The Drink/Drank/Drunk Issue: Operation: Absinthe
Going in search of a new world in absinthe
By Anne Harris,
3:05PM, Tue. Jul. 9, 2013
Oh, the drinking spectrum. Some of us start our alcohol odyssey in high school with Mad Dog 20/20 or keg beer. By adulthood, we've settled on more sophisticated drinking, like Dewar's scotch or SKYY Vodka and stoic club soda. Martinis are okay, too.
This is also about the time one stops writing with blue ink, as only business-like black will do, and starts framing all of the art before it goes on the walls. By middle age, the fermented potatoes – or corn – and simple mixers begin to bore, or maybe that was corporate life. In any case, remembering what Huey Lewis is famous for, we, too, need a new drug. So, in a celebration of ennui, we decided to seek out the ritual of absinthe. After all, anything that comes with exotic paraphernalia – absinthiana, to be exact – and an expert history lesson, not to mention its fabled hypno-narcotic effects, must be a cross between an episode of PBS' American Experience and a peyote liturgy.
Commonly referred to in historical literature as "The Green Fairy," possibly because of its popularity in the 18th and 19th centuries among Parisian artists and writers, but more likely it is due to wormwood, or Artemisia absinthium, historically used as a tincture, being more intensely hallucinogenic in decades long past than anything found today. In fact, French Symbolist poet Paul-Marie Verlaine wrote so many IOU's during his lifetime due to acute absinthe addiction that his signatures are worth nothing compared with those of his contemporaries.

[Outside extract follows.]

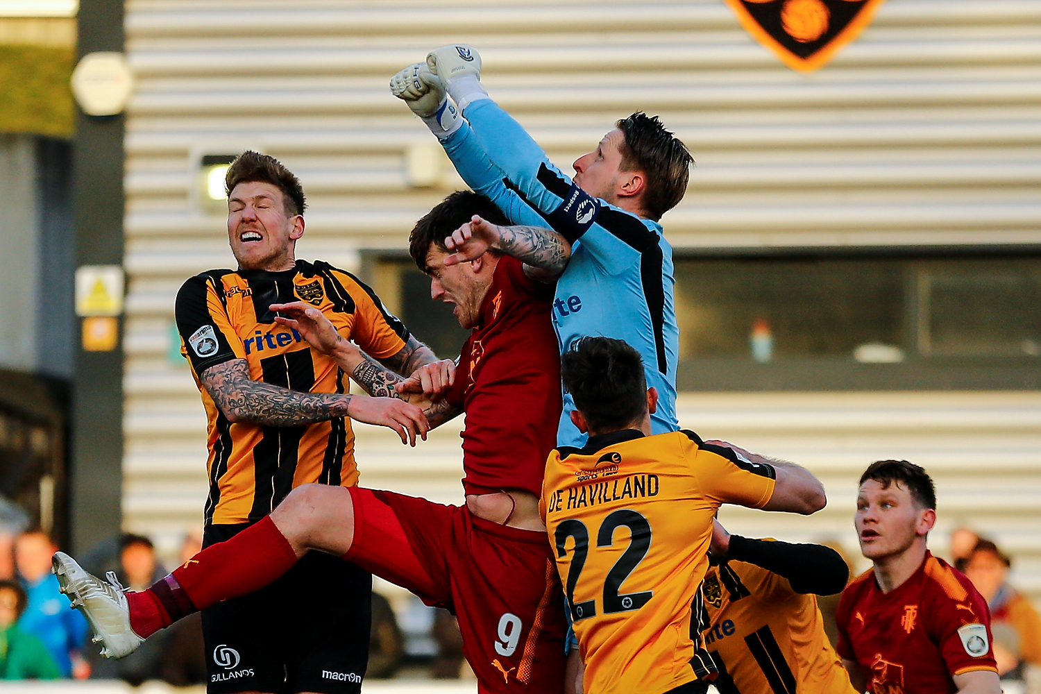 - Maidstones keeper Lee Worgan tries to clear the ball during the Vanorama National League match between Maidstone United and Tranmere Rovers at The Gallagher Stadium.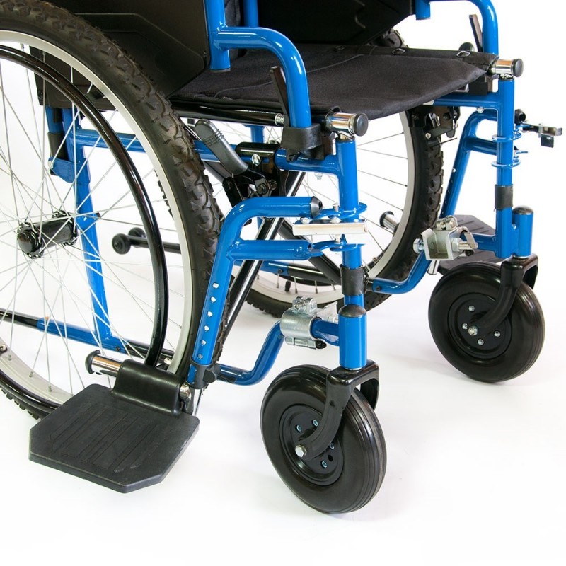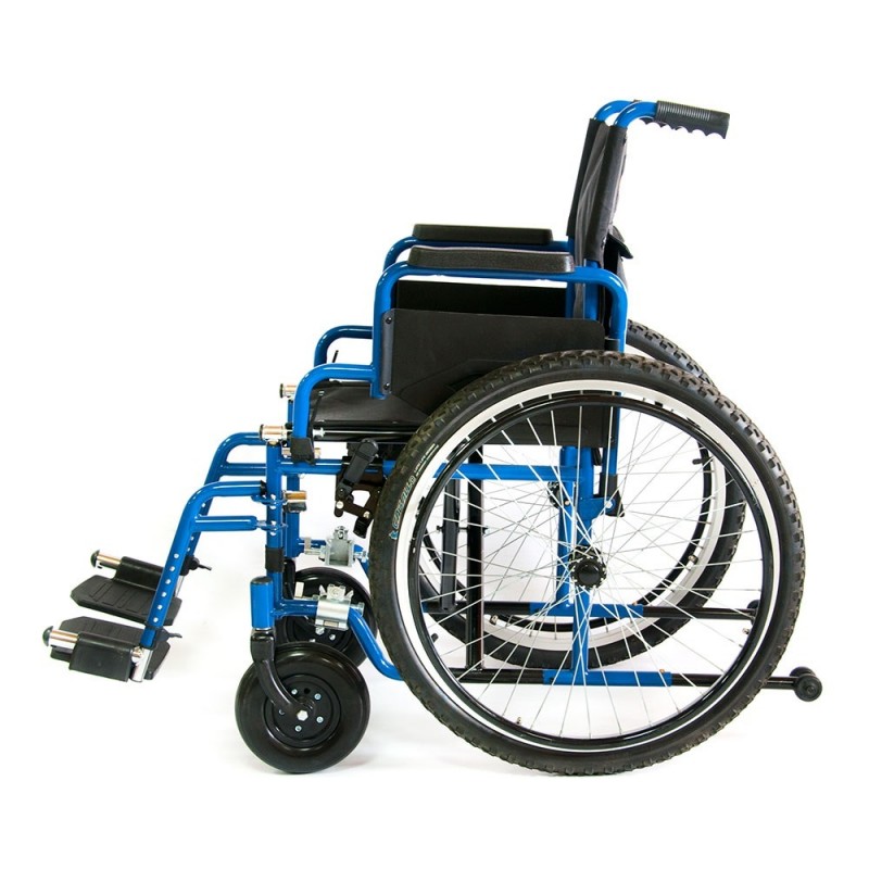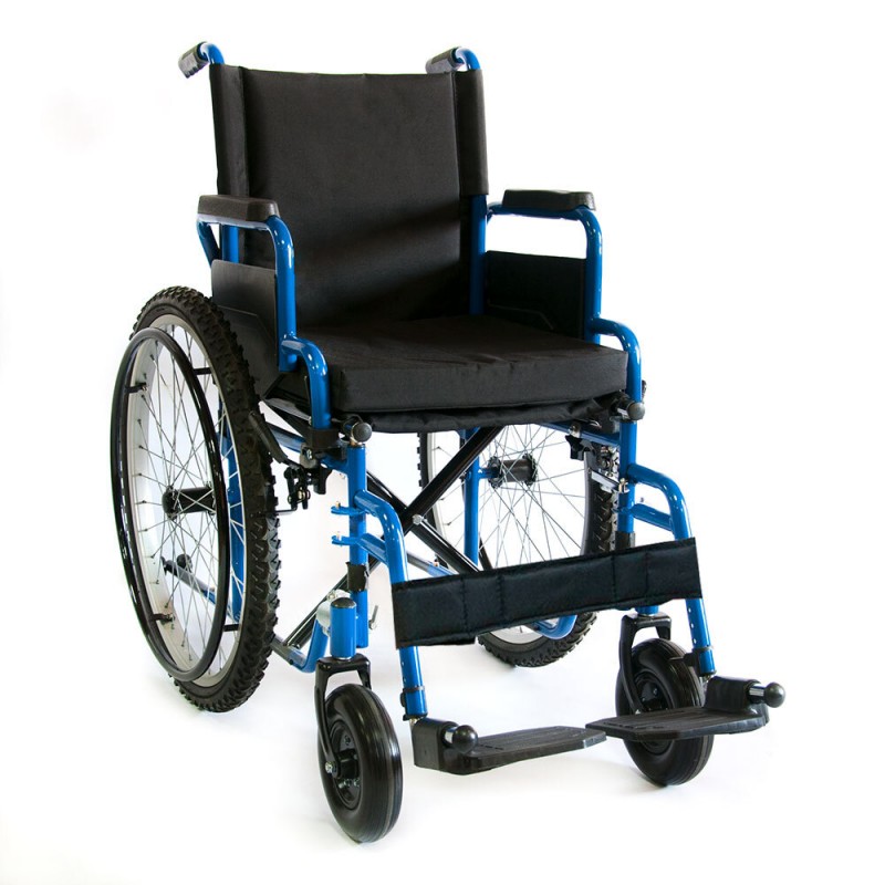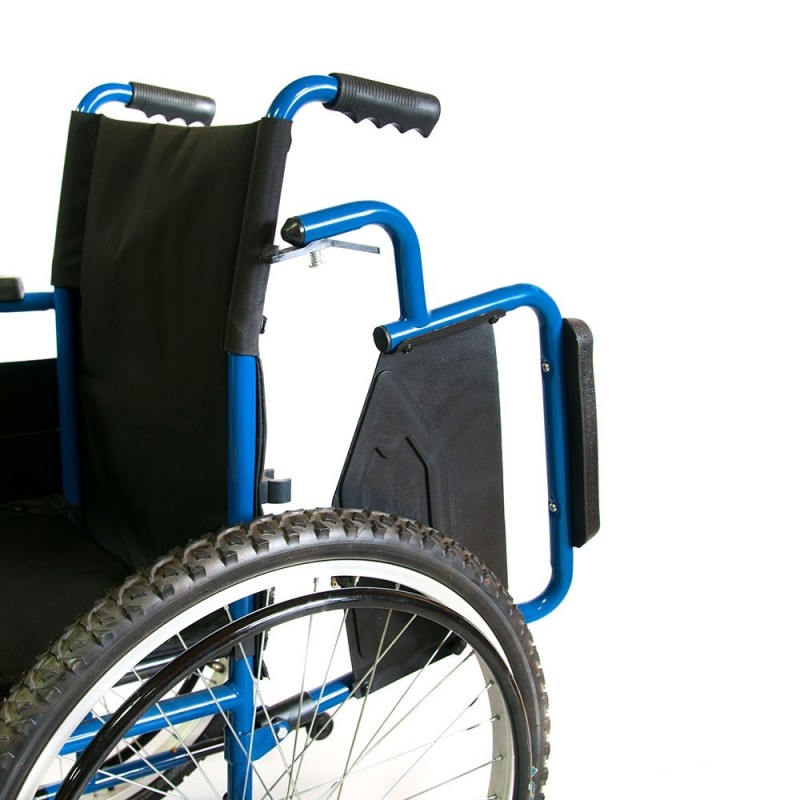 Кресло-коляска инвалидное с ручным приводом предназначена для передвижения больных и инвалидов с частичной потерей функций опорно-двигательного аппарата преимущественно на открытых площадках (на улице), как самостоятельно, так и с помощью сопровождающего лица. Коляска оснащена задними пневматическими колесами с глубоким протектором для лучшего зацепления за поверхность дороги, позволяющим преодолевать незначительные расстояния в плохих погодных условиях (дождь, грязь, снег). Кресло-коляска имеет складную конструкцию по вертикальной оси. Рама коляски стальная с полимерным покрытием.

Other fans of absinthe include Ernest Hemingway, Charles Baudelaire, Arthur Rimbaud, Henri de Toulouse-Lautrec, Amedeo Modigliani, Vincent van Gogh, Oscar Wilde, Aleister Crowley, Erik Satie, and Alfred Jarry.
On the retail side, we found a surprising variety of brands available, so if a DIY absinthe party is more to your liking, hit up a well-stocked liquor emporium. We hear that water dripped from a spoon containing sugar works pretty well, but lacks the art nouveau beauty of the fountain. One brand, Absente, comes in a gift box complete with a strainer ($41.99); the familiar Pernod, available at every bar ($68.99); the aforementioned Lucid ($62.99), and St. George ($57.99); Mata Hari, a bohemian-style, meaning reduced anise seed, or licorice flavor ($53.99); and finally, the beet-based Tenneyson ($57.49).
Have fun with the ritual. If Edgar Allan Poe's ghost appears, you'll know you're in the right realm.